Although the original building was to be cruciform, it was never completed. Only the choir was constructed, with the retro-chapel, otherwise called the Lady chapel, built on the much earlier crypt (Lower Chapel) believed to form part of an earlier castle. The foundations of the unbuilt nave and transepts stretching to a distance of 90 feet were recorded in the 19th century. The decorative carving was executed over a forty-year period. After the founder's death, construction of the planned nave and transepts was abandoned - either from lack of funds, lack of interest or a change in liturgical fashion.

The Lower Chapel (also known as the crypt or sacristy) should not be confused with the burial vaults that lie underneath Rosslyn Chapel.[2]

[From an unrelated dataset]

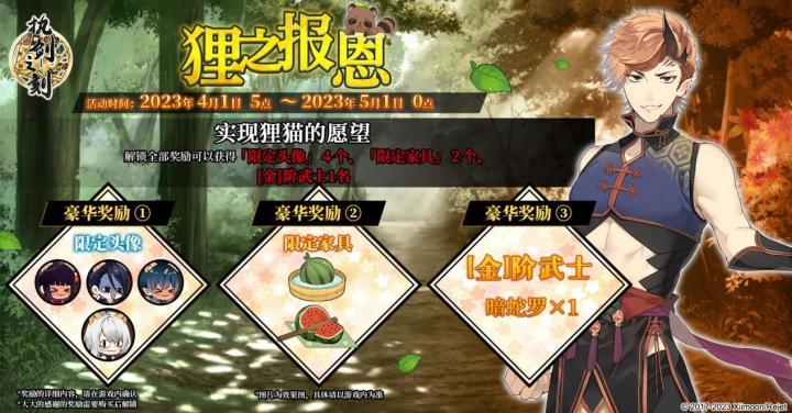 ◇月卡复刻◇活动时间:4月1日 05:00 ~ 5月1日05:004月月卡及月卡头像框复刻! ◇狸之报恩复刻◇活动时间:4月1日 05:00 ~5月1日00:00完成狸猫特别任务即可获得丰厚奖励,其中还有家具、武士头像及[金]阶武士-暗蛇罗。 ◇刻御神签降神◇活动时间:4月1日 10:00 ~ 5月1日 05:00活动期间仅限一次,参与[刻]御神签降神必得[绯]阶[刻]

The chapel stands on fourteen pillars, which form an arcade of twelve pointed arches on three sides of the nave. At the east end, a fourteenth pillar between the penultimate pair form a three-pillared division between the nave and the Lady chapel.[5] The three pillars at the east end of the chapel are named, from north to south: the Master Pillar, the Journeyman Pillar and, most famously, the Apprentice Pillar. These names for the pillars date from the late Georgian period — prior to this period they were called the Earl's Pillar, the Shekinah and the Prince's Pillar.

Apprentice pillar

The Apprentice Pillar

One of the more notable architectural features of the chapel is the "Apprentice Pillar, or "Prentice Pillar". Originally called the "Prince's Pillar" (in the 1778 document An Account of the Chapel of Roslin)[6] the name morphed over time due to a legend dating from the 18th century, involving the master mason in charge of the stonework in the chapel and his young apprentice mason. According to the legend, the master mason did not believe that the apprentice could perform the complicated task of carving the column without seeing the original which formed the inspiration for the design.

The master mason travelled to see the original himself, but upon his return was enraged to find that the upstart apprentice had completed the column by himself. In a fit of jealous anger, the master mason took his mallet and struck the apprentice on the head, killing him. The legend concludes that as punishment for his crime, the master mason's face was carved into the opposite corner to forever gaze upon his apprentice's pillar.[7] There is, however, no evidence that any such murder took place.

On the architrave joining the pillar there is an inscription, Forte est vinum fortior est rex fortiores sunt mulieres super omnia vincit veritas: "Wine is strong, a king is stronger, women are stronger still, but truth conquers all" (1 Esdras, chapters 3 & 4).

The author Henning Klovekorn has proposed that the pillar is representative of one of the roots of the Nordic Yggdrasil tree, prominent in Germanic and Norse mythology. He compares the dragons at the base of the pillar to the dragons found eating away at the base of the Yggdrasil root and, pointing out that at the top of the pillar is carved tree foliage, argues that the Nordic/Viking association is plausible considering the many auxiliary references in the chapel to Celtic and Norse mythology.[8] The general form of the pillar has been related to a type described by the French architect Eugène Viollet-le-Duc as a "bunch of sausages."[9]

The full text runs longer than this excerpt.